§ Excerpted records:
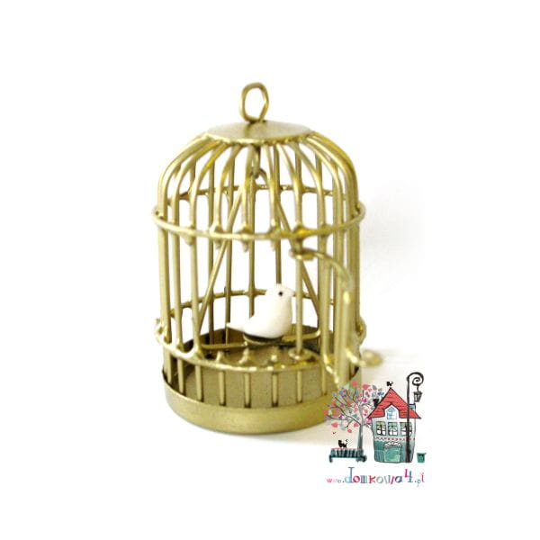 Miniaturowa złota klatka z białym kanarkiem. Klatka wykonana jest z metalu i ma przesuwane od góry drzwiczki.
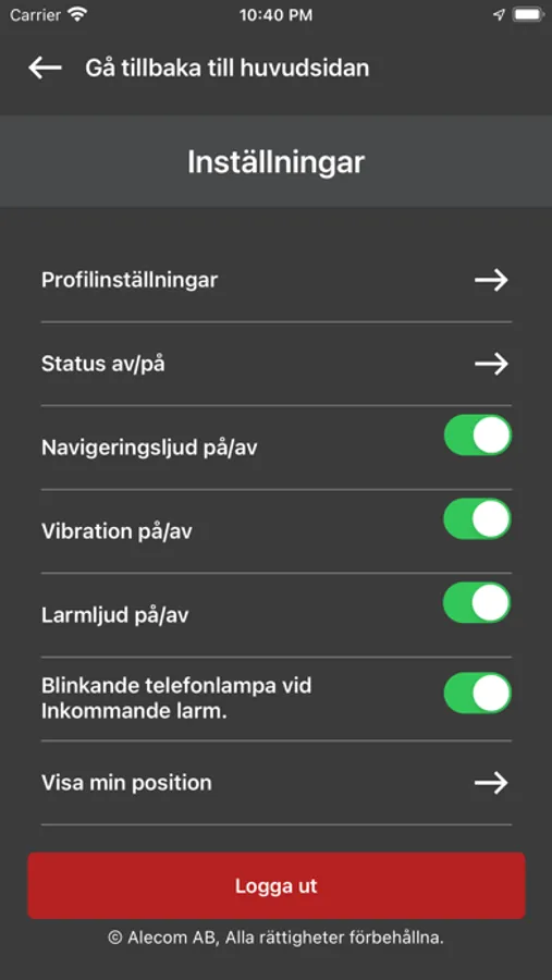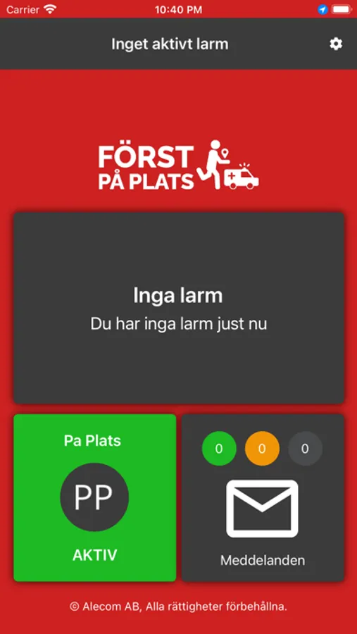 Larm går ut dygnet runt i appen, men du kan själv ange när du vill vara tillgänglig och kunna ta emot larm.
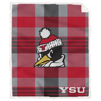 NCAA Youngstown State Penguins Plaid Steel Royal Plush Faux Shearling Blanket
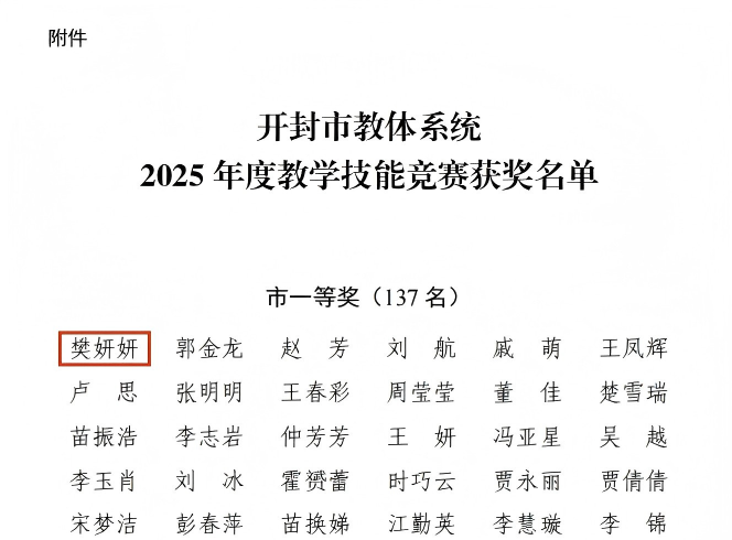 近日,开封市总工会、开封市教育体育局联合下发《关于开封市教体系统2025年度教学技能竞赛获奖情况的通报》(汴总发〔2025〕28号),公布了本年度教学技能竞赛的获奖名单。通识教育学院樊妍妍老师在竞赛中表现优异,荣获市级一等奖。本次教学技能竞赛由开封市总工会、开封市教育体育局共同主办,围绕“上好一门课”的核心理念展开,旨在全面提升教师的教学能力和专业素养,推动教体系统高素质教师队伍建设。自赛事启动以来,通识教育学院高度重视,将其作为促进教师成长、深化课堂改革、提升教学质量的重要平台,积极组织教师备赛,营造出“以赛促教、以赛促研、以赛促改”的良好氛围。樊妍妍老师紧密围绕课程目标,有机融合现代教育技
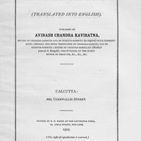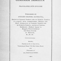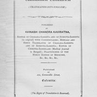 - Charaka-Samhita : [the greatest scientific work of ancient Indian wisdom] -- translated in to english and published by Kaviraj Avinash Chandra Kaviratna ... ; [Parts XXXIX- LI] published by Pareshnath Sarma, son of Kaviraj Avinash Chandra Kaviratna
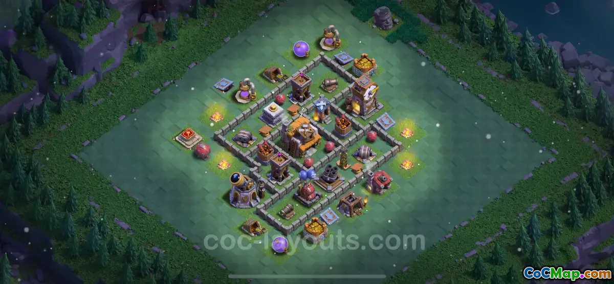 I tillegg inkluderer denne grunndesignen smarte plasseringer av forsvarsbygninger som bueskyttertårn, kanoner og skjulte feller. Disse plasseringene er avgjørende for å gjøre ytterligere skade på de angripende styrkene, samtidig som de gir dekning til andre viktige punkter på basen. For spillere på nivå 5 lar denne designen dem utnytte både offensive evner og sterkt forsvar, noe som gjør dem til en utfordrende motstander i spillet.
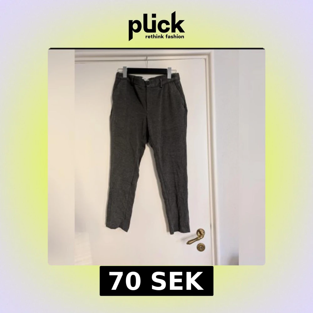 Snygga grå ankelbyxor i stretchigt material. Bälteshällor och knäppning fram. Byxorna är tillverkade i en mjuk blandning av viskos, polyester och elastan för en skön passform. Perfekta till en stilren look.
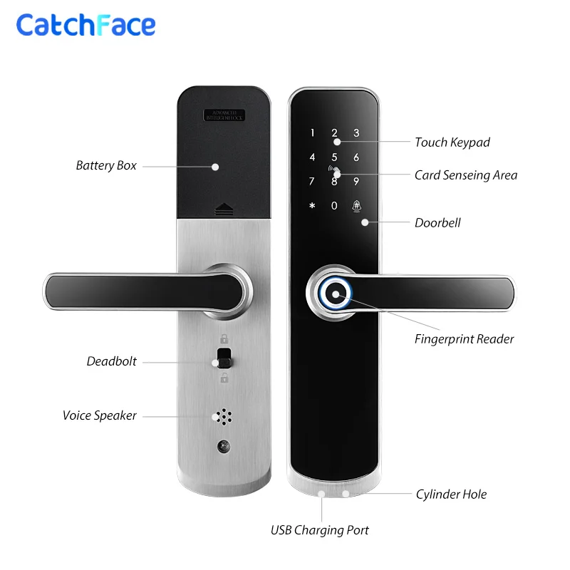 1. Доступ с помощью приложения Wi-Fi, M1 карты, отпечатков пальцев, кода пропуска, браслета или ключа2. Совместимость с различными врезными деталями для 99% дверей.Один latch60/70, Европейский 5050/ 6050 / 3585/ 4585/ 6085/ 6072 / 55723. Оснащен дверным звонком4. Биометрический датчик отпечатков пальцев с одним касанием на считывателе.Сканер отпечатков пальцев автоматически проснется после того, как вы поместите палец на него и удобно расположить, чтобы сопровождать ваше естественное положение руки.Одно бесшовное действие позволяет вам разбудить замок, прочитать отпечатки пальцев и разблокировать дверь.Действие разблокировки занимает всего 1 секунду. Он может автоматически блокировать вашу дверь для вас, чтобы ваш дом всегда был в безопасности.5. Прочная и надежная панель замка из алюминиевого сплава, антикоррозийная и учебная.6. Резервный USB внешний интерфейс источника питания, в чехол питания.7 двухсторонняя ручка свободного стиля.8. Водонепроницаемая Резиновая конструкция, которая хорошо подходит для наружной двери
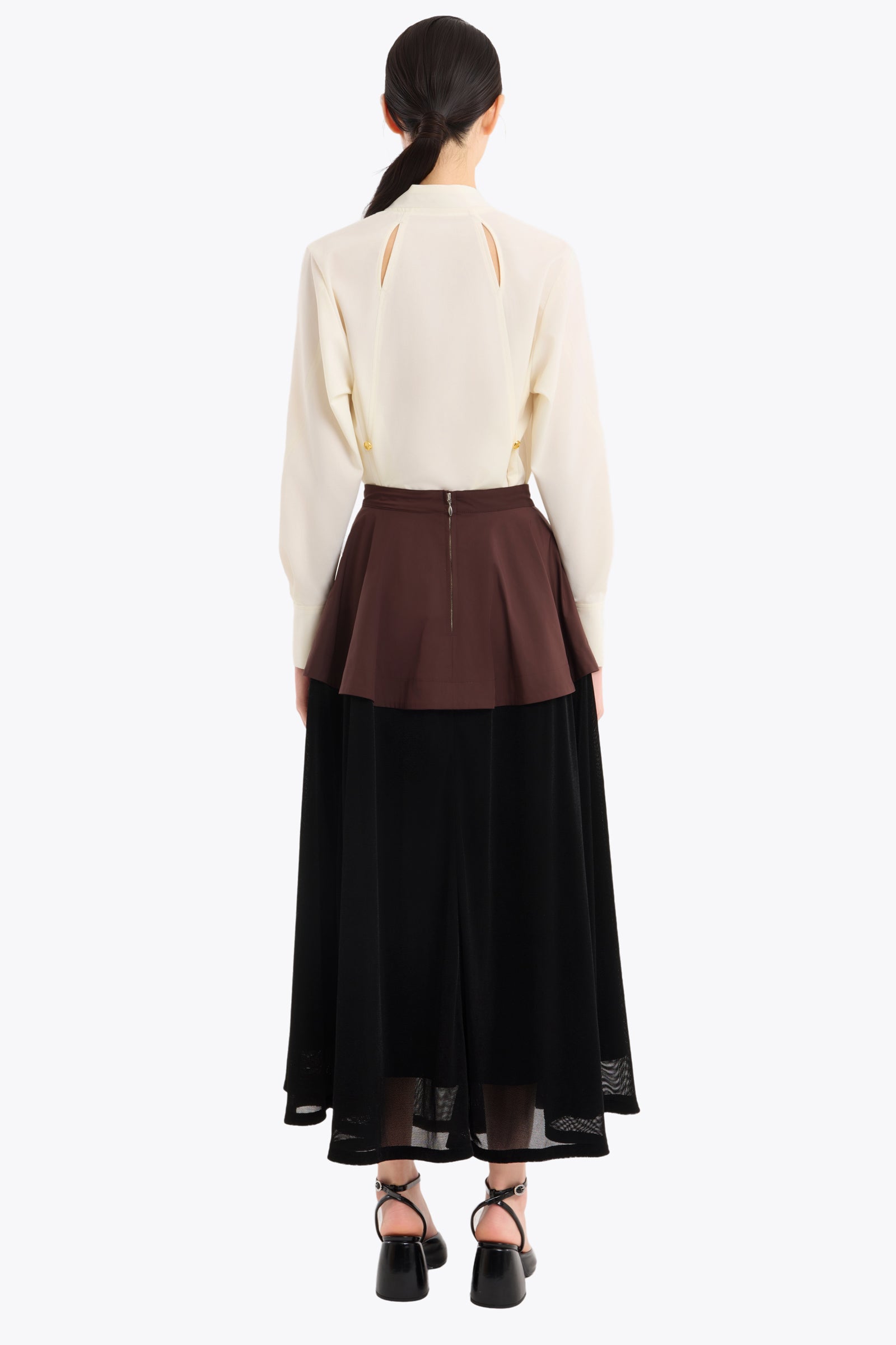 Ivory mid-weight polyester crepe shirt

§ Exercise brief: Output must match the lines from the start of the records above through the line that contains "- Charaka-Samhita : [the", exactly and with every picture removed.

§ Exercise answer:
 Miniaturowa złota klatka z białym kanarkiem. Klatka wykonana jest z metalu i ma przesuwane od góry drzwiczki.
 Larm går ut dygnet runt i appen, men du kan själv ange när du vill vara tillgänglig och kunna ta emot larm.
 NCAA Youngstown State Penguins Plaid Steel Royal Plush Faux Shearling Blanket
 近日,开封市总工会、开封市教育体育局联合下发《关于开封市教体系统2025年度教学技能竞赛获奖情况的通报》(汴总发〔2025〕28号),公布了本年度教学技能竞赛的获奖名单。通识教育学院樊妍妍老师在竞赛中表现优异,荣获市级一等奖。本次教学技能竞赛由开封市总工会、开封市教育体育局共同主办,围绕“上好一门课”的核心理念展开,旨在全面提升教师的教学能力和专业素养,推动教体系统高素质教师队伍建设。自赛事启动以来,通识教育学院高度重视,将其作为促进教师成长、深化课堂改革、提升教学质量的重要平台,积极组织教师备赛,营造出“以赛促教、以赛促研、以赛促改”的良好氛围。樊妍妍老师紧密围绕课程目标,有机融合现代教育技
 - Charaka-Samhita : [the greatest scientific work of ancient Indian wisdom] -- translated in to english and published by Kaviraj Avinash Chandra Kaviratna ... ; [Parts XXXIX- LI] published by Pareshnath Sarma, son of Kaviraj Avinash Chandra Kaviratna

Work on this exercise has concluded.